The results presented here showed that the amendment of biochar played a negative role in the phytoremediation of petroleum-contaminated soil (Fig. 1) as well as the growth of ryegrass (Figs. 2 and 3). It is known that biochar contains petroleum hydrocarbons which may have toxicity to plants and microorganisms (Oleszczuk et al. 2013; Quilliam et al. 2013b). During a slow and long pyrolysis, PAHs are more easily lost to the atmosphere, whereas they are more readily concentrated in the biochar surface during a fast pyrolysis (Hale et al. 2012). However, compared to petroleum hydrocarbons applied to the soil in the current study, the alkanes (47 mg/kg) and PAHs (3.5 mg/kg) contained in the biochar can be neglected. It is therefore possible that other properties of the biochar affected the removal of petroleum hydrocarbons. Biochar in the soil can strongly adsorb soil nutrients and organic matter, which can jam the pores and reduce the available pore volume and surface area of biochar (Joseph et al. 2010).
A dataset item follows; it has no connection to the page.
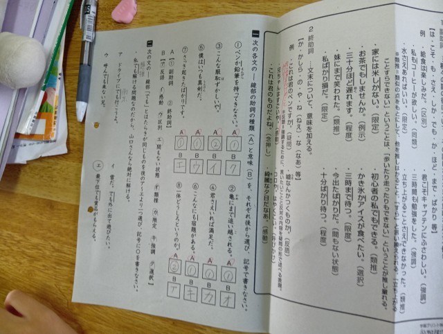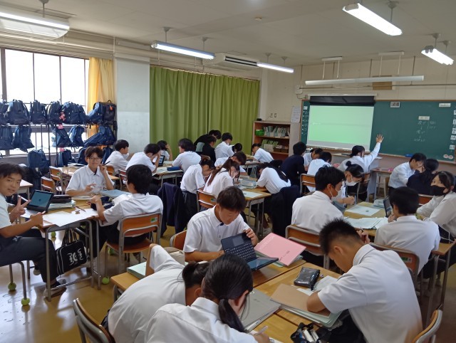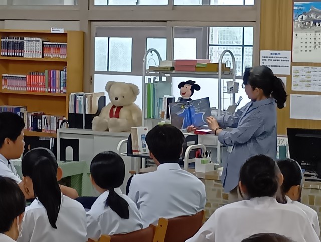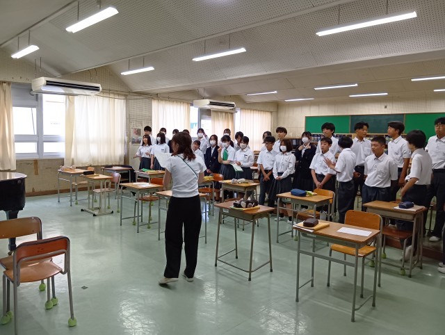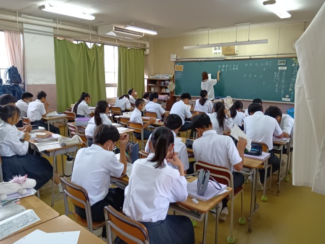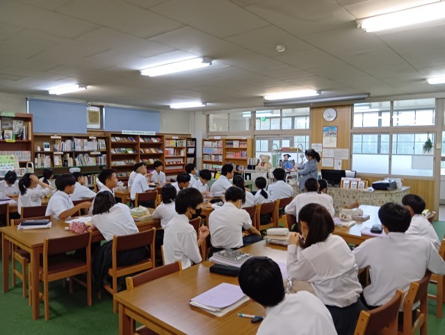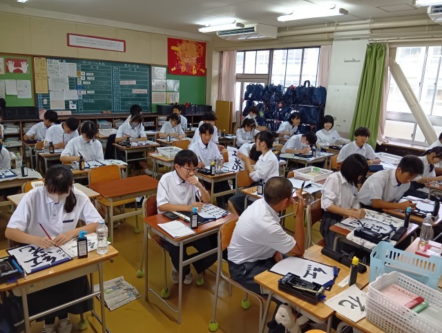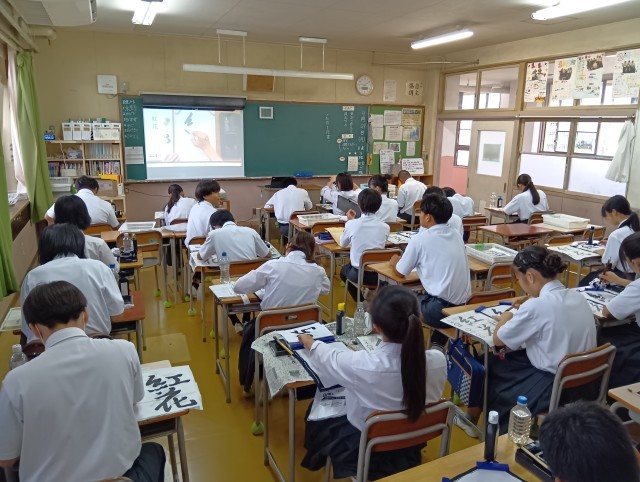 音楽・国語A・国語B・数学の様子です。国語では、司書の先生が読み聞かせをしていました。また行書体の習字もしていました。

In addition, biochar may reduce soil nutrient leaching (e.g., nitrate, ammonium, phosphate, and microelement) (Beesley and Marmiroli 2011; Gomez-Eyles et al. 2011; Guo et al. 2014; Ippolito et al. 2012; Schmidt et al. 2014; Yao et al. 2012) and can impact C and nutrient bioavailability in the charosphere (Quilliam et al. 2013a), which limits the use of nutrients in plants and microorganisms.
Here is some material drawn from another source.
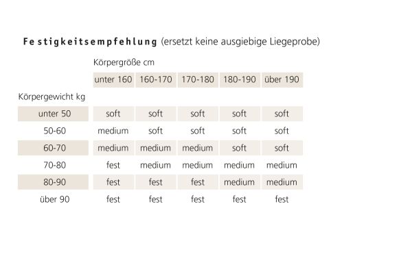 Für die passende Matratze ist auch die richtige Festigkeit ausschlaggebend. Wählen Sie diese nach Ihrer Körpergröße, Ihrem Gewicht und Ihren Schlafgewohnheiten – so stellen Sie sicher, dass sich die Matratze optimal an die Körperkontur anpassen kann. Bei Highline haben Sie die Wahl zwischen den Festigkeiten soft, medium und fest. Die Festigkeitstabelle kann Ihnen helfen die richtige Auswahl zu treffen, ersetzt jedoch keine ausgiebige Liegeprobe.
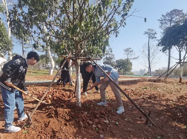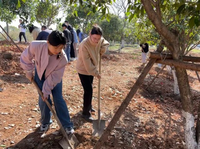 活动伊始,同学们认真听取并学习了学校园林职工关于植树方法、标准的讲解。在了解完相关注意事项后,同学们热情高涨,立即投入到植树活动中。活动中,同学们纷纷拿起铁锹,迎着初升朝阳、踏着中南沃土,以三五人为一组,扶树填土、踏实修整、培土围堰。大家团结协作、默契配合、紧密衔接,活动现场呈现出一片热闹繁忙的劳动景象。经过辛勤劳作,马克思主义学院22级共青团员共种下树木20余棵,以实际行动扮靓春天的中南大。

It was reported that biochar did not have a significantly positive effect on plant yield (Evangelou et al. 2014; Lucchini et al. 2014; Mia et al. 2014; Schmidt et al. 2014). Biochar can increase the sorption of organic pollutants (Chen and Yuan 2011; Ippolito et al. 2012; Oleszczuk et al. 2012; Quilliam et al. 2013b; Tang et al. 2013). In particular, PAHs adsorbed by biochar per unit mass can be 10–1000 times more than other types of organic C in soils (Accardi-Dey and Gschwend 2003; Rhodes et al. 2010). A large number of studies have shown that biochar can also reduce bioavailability of organic pollutants (Ippolito et al. 2012; Quilliam et al. 2013b) through adsorbing nutrients (Joseph et al. 2010) and producing toxicity to microorganisms (Oleszczuk et al. 2013; Quilliam et al. 2013b). In general, biochar may make the soil a nutrient poor and potentially toxic environment for plants and microorganisms to colonize.

Conclusions

This work demonstrated that bioremediation strategies for petroleum-contaminated soil (1 %) with phytoremediation using ryegrass were more efficient than non-amended soil or biochar application. The phytoremediation with ryegrass achieved effective removal of petroleum hydrocarbons (55.13 % for TPHs, 30.34 % for PAHs, and 45.83 % for n-alkanes) over a 90-day incubation period. It was clearly shown that ryegrass could promote the growth of microorganisms in the contaminated soils with 10,000 mg/kg of TPHs. Although the amendment of biochar did not cause significant negative influences on soil microflora, it suppressed the growth and development of ryegrass. In general, ryegrass can effectively promote the removal of TPHs for petroleum-contaminated soil, and the removal efficiency was restrained under the effects of biochar. Our results suggest that the amendment of biochar is not suitable for phytoremediation of petroleum-contaminated soil.